[Source records]
========
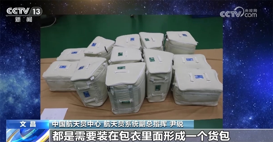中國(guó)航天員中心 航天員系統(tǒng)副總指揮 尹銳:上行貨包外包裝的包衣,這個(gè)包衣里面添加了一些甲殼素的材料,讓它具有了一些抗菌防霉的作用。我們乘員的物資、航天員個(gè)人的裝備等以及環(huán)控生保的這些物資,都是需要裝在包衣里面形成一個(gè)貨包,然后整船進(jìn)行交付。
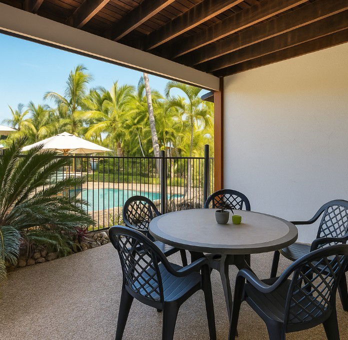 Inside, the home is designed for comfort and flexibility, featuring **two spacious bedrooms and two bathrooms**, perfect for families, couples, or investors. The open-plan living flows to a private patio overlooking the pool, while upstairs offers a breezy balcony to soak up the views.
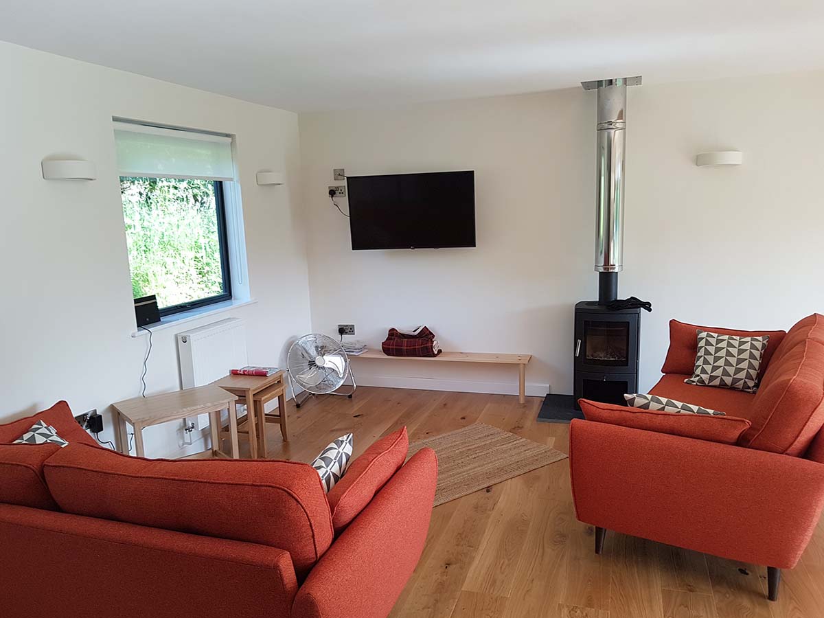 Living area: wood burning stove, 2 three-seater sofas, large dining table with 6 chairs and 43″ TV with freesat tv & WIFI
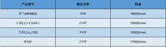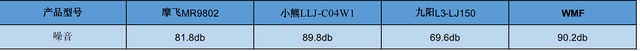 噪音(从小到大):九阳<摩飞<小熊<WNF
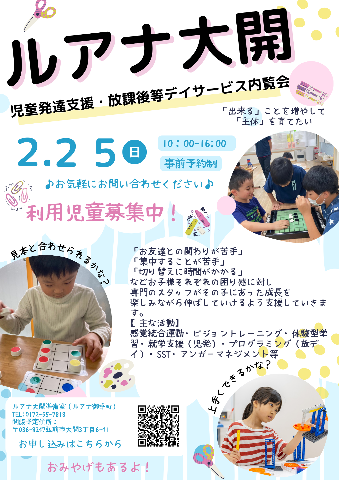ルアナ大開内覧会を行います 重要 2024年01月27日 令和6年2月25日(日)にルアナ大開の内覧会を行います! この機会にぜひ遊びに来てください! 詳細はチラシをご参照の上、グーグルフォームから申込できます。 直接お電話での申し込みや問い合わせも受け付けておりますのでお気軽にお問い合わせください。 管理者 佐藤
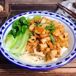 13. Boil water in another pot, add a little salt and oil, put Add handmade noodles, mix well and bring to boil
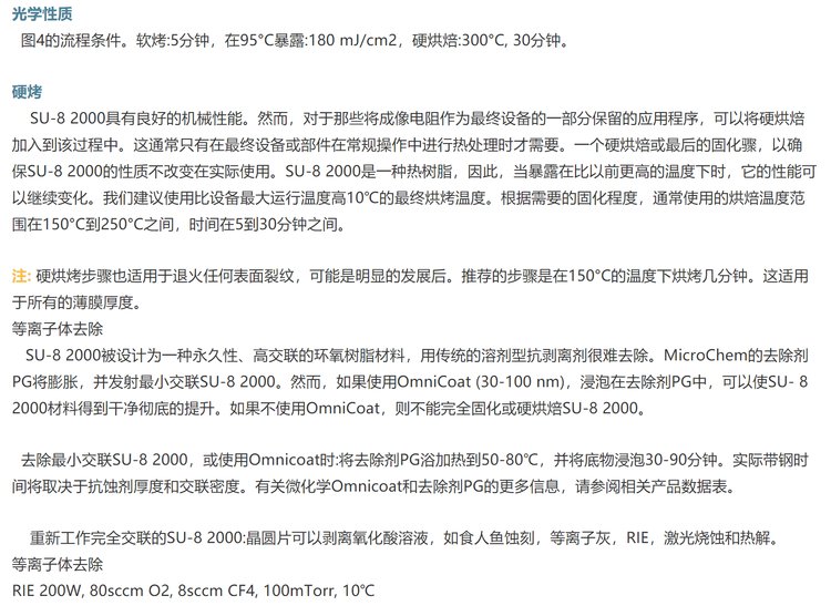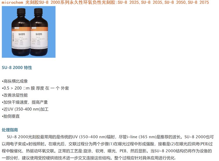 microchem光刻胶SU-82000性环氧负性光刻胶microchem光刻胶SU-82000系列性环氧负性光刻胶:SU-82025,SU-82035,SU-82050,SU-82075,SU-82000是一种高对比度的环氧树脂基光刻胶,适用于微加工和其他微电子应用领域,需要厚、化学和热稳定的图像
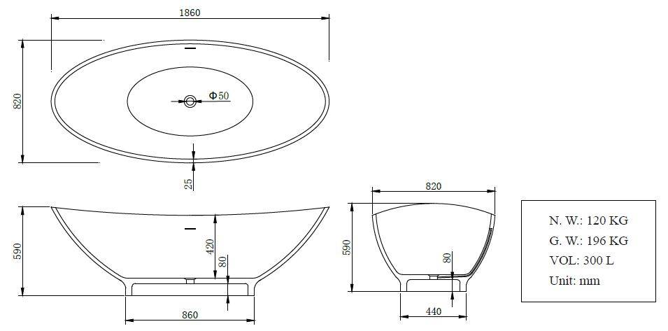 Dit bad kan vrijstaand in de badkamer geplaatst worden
========
*Instructions for the task*
Could you please repeat the entries above exactly, with every picture left out?

*Answer to this exercise*
中國(guó)航天員中心 航天員系統(tǒng)副總指揮 尹銳:上行貨包外包裝的包衣,這個(gè)包衣里面添加了一些甲殼素的材料,讓它具有了一些抗菌防霉的作用。我們乘員的物資、航天員個(gè)人的裝備等以及環(huán)控生保的這些物資,都是需要裝在包衣里面形成一個(gè)貨包,然后整船進(jìn)行交付。
 Inside, the home is designed for comfort and flexibility, featuring **two spacious bedrooms and two bathrooms**, perfect for families, couples, or investors. The open-plan living flows to a private patio overlooking the pool, while upstairs offers a breezy balcony to soak up the views.
 Living area: wood burning stove, 2 three-seater sofas, large dining table with 6 chairs and 43″ TV with freesat tv & WIFI
 噪音(从小到大):九阳<摩飞<小熊<WNF
ルアナ大開内覧会を行います 重要 2024年01月27日 令和6年2月25日(日)にルアナ大開の内覧会を行います! この機会にぜひ遊びに来てください! 詳細はチラシをご参照の上、グーグルフォームから申込できます。 直接お電話での申し込みや問い合わせも受け付けておりますのでお気軽にお問い合わせください。 管理者 佐藤
 13. Boil water in another pot, add a little salt and oil, put Add handmade noodles, mix well and bring to boil
 microchem光刻胶SU-82000性环氧负性光刻胶microchem光刻胶SU-82000系列性环氧负性光刻胶:SU-82025,SU-82035,SU-82050,SU-82075,SU-82000是一种高对比度的环氧树脂基光刻胶,适用于微加工和其他微电子应用领域,需要厚、化学和热稳定的图像
 Dit bad kan vrijstaand in de badkamer geplaatst worden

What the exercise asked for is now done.